Cosa provoca il concetto di ’gender’ sull’uomo?
La distruzione della struttura antropologica che ci è stata data dal Creatore. Struttura trinitaria, fatta per la comunione nella differenza.
Essendo, come lei dice, il frutto di una rivolu­zione occidentale, ’il gender’ riguarda solo al­cuni Paesi o ha portata globale? Risparmia, per esempio, l’Africa?
Diciamo che è un frutto della rivoluzione cultu­rale occidentale, quella del maggio 1968, che però stiamo imponendo ad altre culture, e in A­frica in particolare. una sorta di neocoloniali­smo molto aggressivo, che minaccia di cambia­re rapidamente anche le culture non occidenta­li delle quali abbiamo bisogno per riscoprire la nostra anima, se pensiamo, per esempio, che in Africa hanno mantenuto un senso della vita, del­la maternità, della complementarietà uomo­donna e della comunità umana che l’individua­lismo e l’edonismo radicale occidentale hanno cancellato.
Chi, nella società, è particolarmente esposto a questa ideologia?
I giovani, prima di tutto. Perché è un concetto che si inserisce nelle politiche, nelle leggi ma anche nei manuali scolastici. nelle scuole, come per esempio avviene in Belgio, che si insegna ai bam­bini la possibilità di scegliere il proprio orienta­mento sessuale. Poi ci sono le donne. Il ’gender’ esprime una rivolta contro la maternità, attacca lo stato di sposa di ogni donna.
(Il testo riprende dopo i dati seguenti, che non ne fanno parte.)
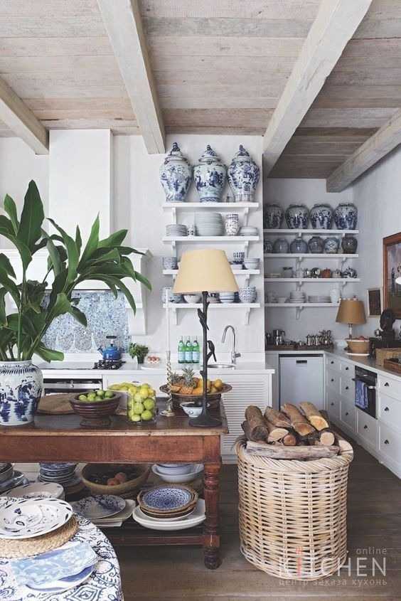 Кстати: Для этого стиля характерно использование посуды не только в утилитарных целях, но и в качестве декора. Расставьте расписные тарелки или бокалы по открытым полкам.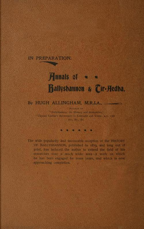 The favourable reception which was accorded to the paper entitled "The Spanish Armada in Ulster and Connacht," which appeared in Vol. I., Part III., April, 1895, of The Ulster Journal of Archæology, and the continued interest in the subject, which seems rather to increase as the literature becomes more extensive, has induced me to re-write the paper, and add much information I was not possessed of when the first paper was printed. Mr. Crawford's most valuable contribution, which forms the second part of this book, should at least justify the present publication. To Francis Joseph Bigger, M.R.I.A., my best thanks are due for the use of copious notes and references, which have been of material assistance.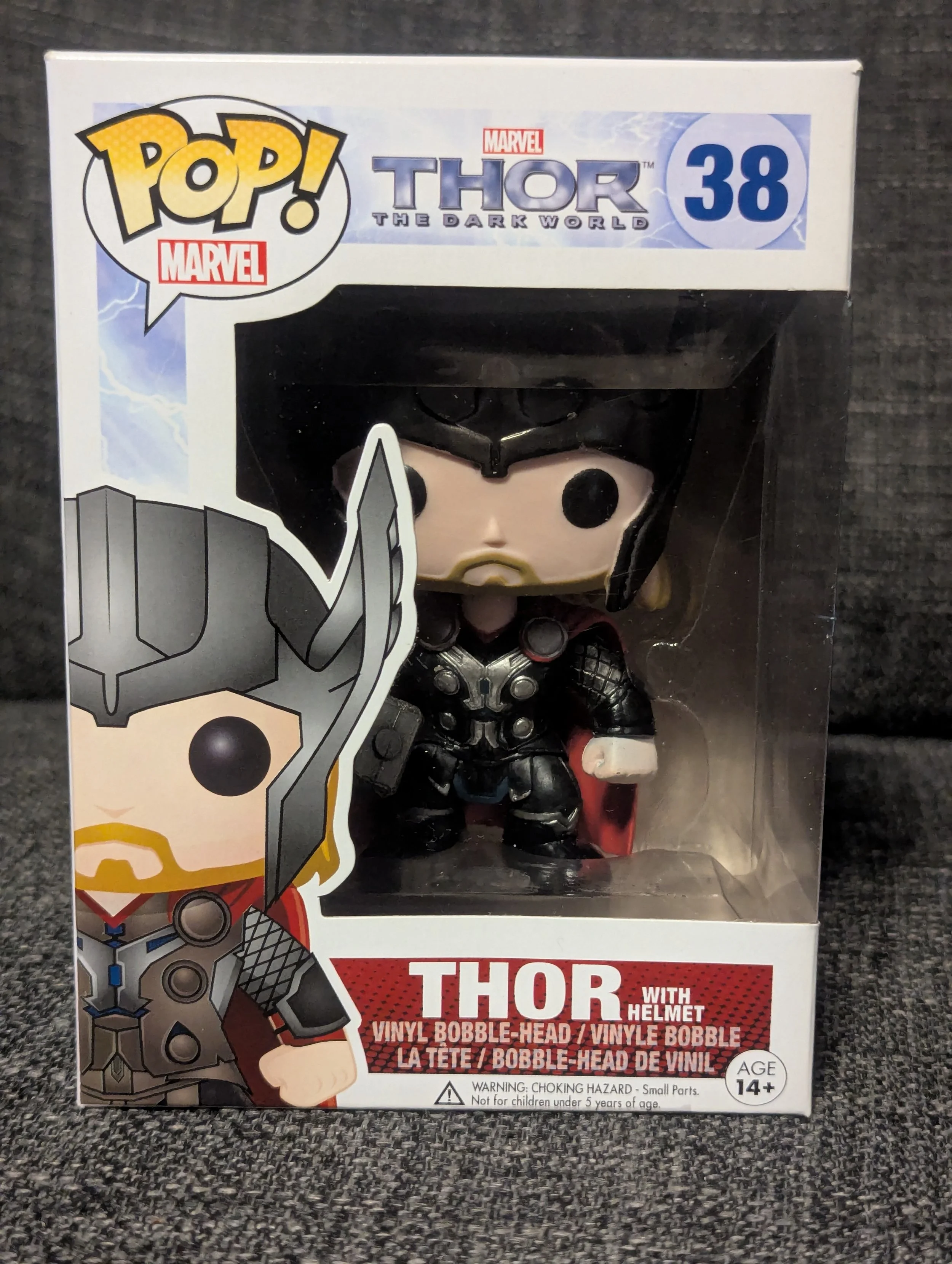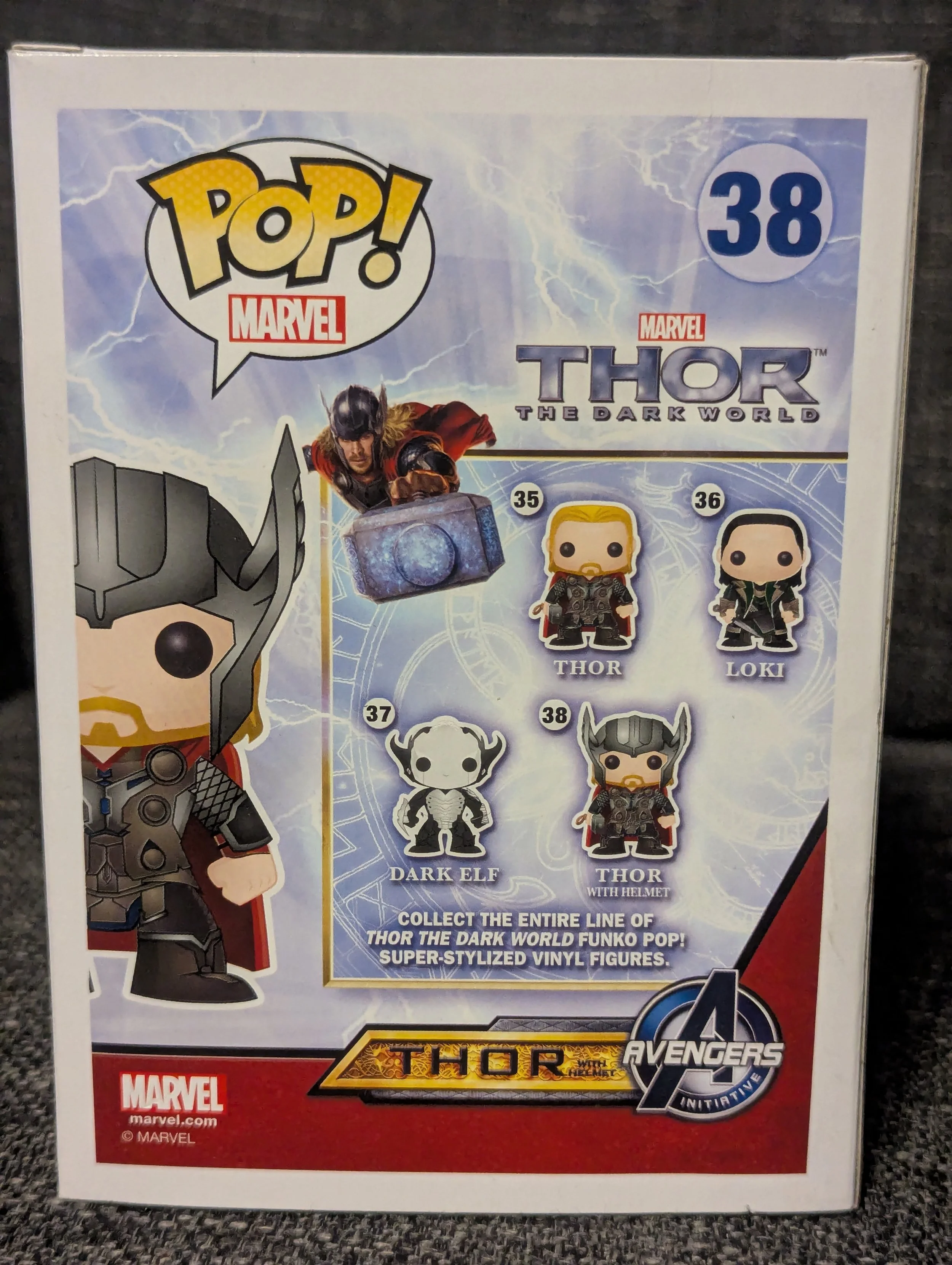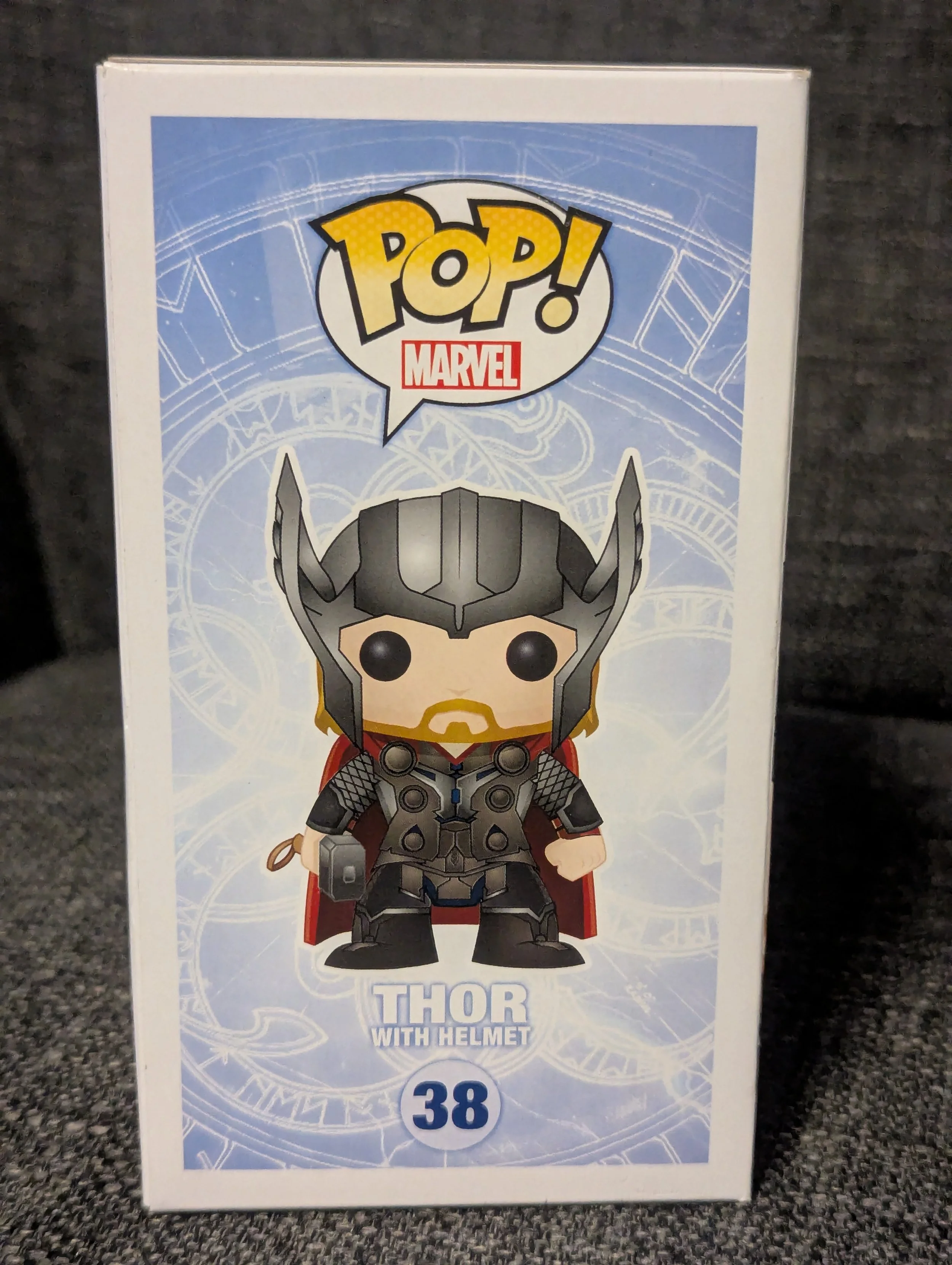 Add a classic piece to your Marvel collection with Thor Funko Pop! #38, part of the early 2013 Funko Pop! Marvel line. This older release features the God of Thunder in his iconic look with helmet, red cape, and Mjölnir, making it a great collectible for long-time Funko and Marvel fans.

Quanta consapevolezza c’è del fenomeno e dei suoi effetti?
C’è un’ignoranza abissale. Dopo la conferenza di Pechino, il concetto è stato adottato a livello so­vranazionale ma nei singoli Paesi è mancato il di­battito. Le cose si sono fatte in modo sottile, na­scosto, senza cercare il consenso. Siamo tutti in­fluenzati da questa ideologia ma non ci preoc­cupiamo, per esempio, di seguirne gli sviluppi a livello internazionale o di studiarne gli effetti sui giovani.
Cosa contribuisce allo diffusione del concetto di gender nella società?
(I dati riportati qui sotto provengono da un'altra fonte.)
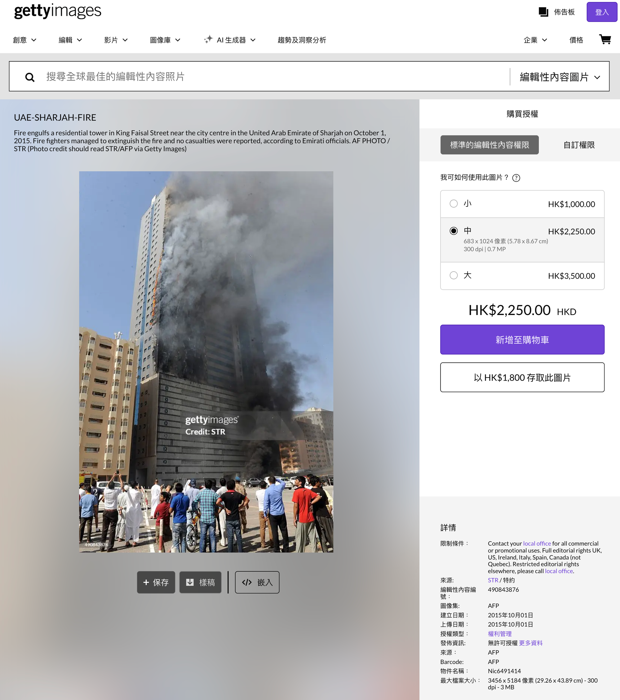 另一Google搜尋結果為圖庫網站Getty Images一張源自《法新社》(AFP)的照片,當中的建築物外觀同樣與網傳圖片一致。照片簡介顯示,2015年10月1日,阿聯酋沙迦市中心費瑟國王街(King Faisal Street)附近一住宅建築發生火災。[12]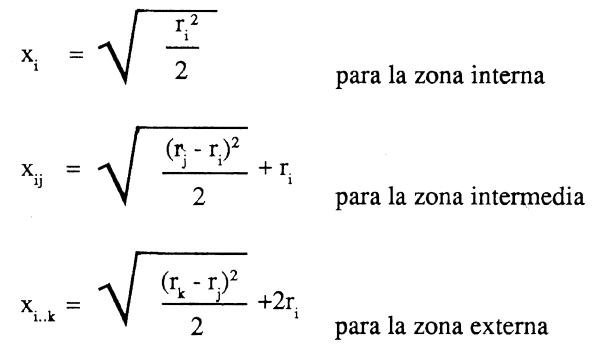 A continuación se aplicó un coeficiente de ponderación para tener en cuenta el hecho de que el abastecimiento de los mercados de la zona interna resultaba más ventajoso que el de los mercados de los otros dos anillos. Aplicando las fórmulas: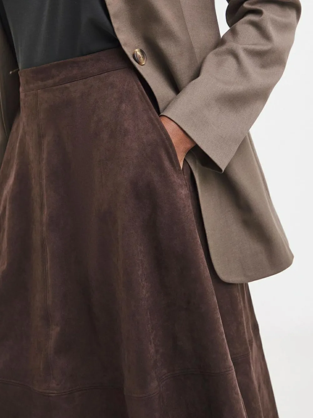 This fashionable suede midi skirt is perfect for any occasion. A timeless piece made for stylish everyday dressing. Regular waistband to hem 33.5″ / 84.5cm. Hand wash only. Shell 87% Polyester, 13% Elastane. Lining 95% Polyester, 5% Elastane.

I media, non c’è dubbio. Questi fanno parte di una strategia articolata. In ’Gender trouble’, o­pera del 1990, Judit Butler invita a usare i media, il più possibile, proprio per moltiplicare i gender, per aprire l’uomo a tutte le possibilità di scelta.
Come e cosa può contrastare questo ’mecca­nismo d’ingegneria sociale’, come lo ha defini­to nella sua relazione di venerdì?
Prima di tutto ci vuole informazione. Dobbia­mo essere coscienti del fatto che l’ingegneria so­ciale c’è. Che ’gender’ non è un concetto isola­to: la sfida è tutta la cultura post moderna. E dob­biamo studiarla. Solo così possiamo essere più attenti ai suoi effetti. Poi, bisogna passare alla formazione. L’evangelizzazione passa anche at­traverso la sensibilizzazione all’esistenza del pro­blema. Dobbiamo sapere chi siamo, come cri­stiani. Come diceva il patriarca Bartolomeo, dob­biamo tornare alla chiesa primitiva, riscoprire la nostra identità cristiana, senza lasciarsi mani­polare. Niente è perduto. Lo Spirito Santo è sem­pre lì a condurre l’umanità lungo la sua strada.